Valuing Legal Information

The problem with trying to value legal information is that we mostly just talk about its price instead of its value. The value of anything is subjective, and correct legal information at the perfect time is worth a great deal, general legal information that isn’t needed at a particular moment is worth much less. This is important because the people who make decisions about how to fund legal information are often not the people who use it regularly and are generally not faced with urgent legal matters at the moment of making decisions about how much to pay for it.

Things are valued based on different attributes, and before I proceed I would like to invite you to consider “The Elements of Value Pyramid” from the Harvard Business Review below:

Eric Almquist, John Senior, & Nicolas Bloch. “The Elements of Value” (2016) Harvard Business Review. <https://hbr.org/2016/09/the-elements-of-value>

As you can see, the pyramid is based on Maslow’s Hierarchy of Needs. With functional attributes of products, corresponding to the physiological needs at the bottom of Maslow’s pyramid, and social impact, corresponding to self-actualization at the top. It may seem disingenuous to link sales to concepts like self-transcendence, but products can make your life better — think of a pair of good stout shoes that will let you walk in comfort, or of the life changes a man may experience when he gets a fine new coat. It may even be possible for a product to provide hope or a sense of belonging (though in my experience products that promise those things are almost always disappointing). That said, things that do provide more value to the people who use them than those that don’t.

The problem with how we value legal information is shown by the way we talk about it. We tend to focus on the bottom tier of the value pyramid: how much it costs, its quality, that it saves time, or reduces effort. These values are the primary parameters that information professionals are trained to use to value information products and its generally how funders evaluate them too. They are rational and measurable.

Imagine instead a research tool that confers confidence in having the right answer, and what that is worth.

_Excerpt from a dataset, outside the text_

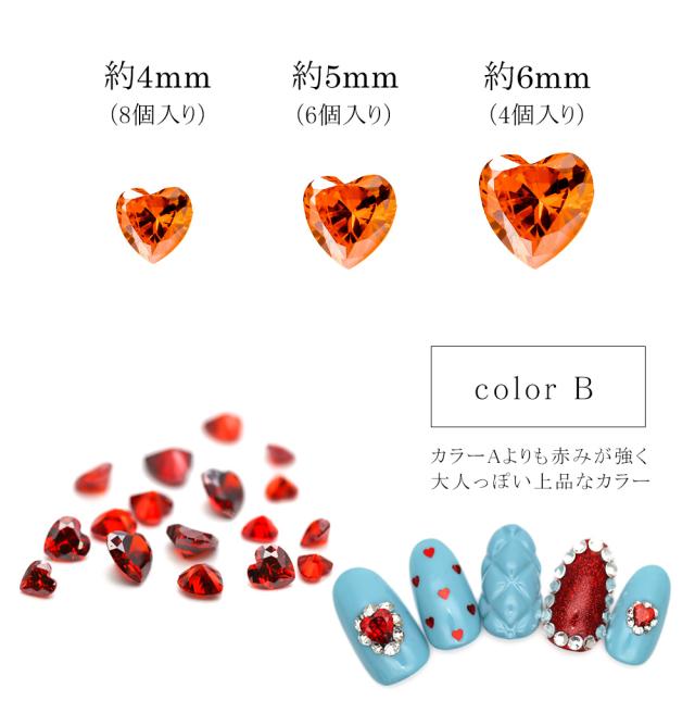 ラインストーン ジルコニア製 グロッシーストーン(Glossy stone) ハート カラーA/カラーB 4mm/5mm/6mm

There is little wonder that the designers, marketers, and sales people who develop legal information products want to communicate directly with legal practitioners who are the targeted consumers rather than going through the centralized evaluation and comparison based on those same criteria that library managers carry out.

Having been in the position of evaluating these tools, I can tell you that much of the time the new products being sold have little or no content the library doesn’t already provide access to, and that cancelling the products that are being acquired already will inconvenience others. There is often no dispassionate reason to purchase these additional tools, yet people want them.

For producers of legal information, be they publishers, authors, or libraries, moving up the pyramid would facilitate the creation of more compelling products that focus more on attributes like design, reducing anxiety, and potentially even belonging, but without the end users getting to choose what tools they use these things are not valued in the way they could be. One of CanLII’s great advantages as a legal research tool is that because there is no payment for use there are no gatekeepers for it. Researchers can use it whenever they want to and do.

For many tools, there are multiple steps of selling that must happen before they are integrated into people’s work. In big firms new products must be sold internally at the publisher to be developed. Then their value must be explained to the sales people who must sell them in turn to decision makers at libraries, and finally the librarians have to sell them to people at the firm — repeatedly as new people join.

Commercial legal information products have to be “marketed” by many different people beyond the people who have anything related to “sales” and “marketing” in their job descriptions. It takes effort to change the way people work, especially when they have habits of long standing and the change may not affect the core of what they do. Lawyers don’t go around citing old versions of laws because they don’t feel like changing. Many do however resist pressure to make them look up information differently, when their current methods work fine, and I’m inclined to sympathize. This means that anyone who wants to change the way lawyers use information has some convincing to do.

Libraries too are valued in different ways by different people. The problem for libraries can be when people ascribe emotional values to libraries that revolve around preserving the past or theoretical knowledge without integrating them into their behaviour in ways that deliver value now.

Comments

  1. Interesting to see more detailed visualization of the value hierarchy and how it may apply to information.
    How do we value “truth”, information as the single source of “truth” or evidence as the starting point.

    If we place higher value on the “method” of obtaining the evidence or “truth”, then for difficult truth /evidence/information-seeking strategies, we might be eliminating information that may be useful. Lack of time regardless of cost and expertise, might be the most compelling reason.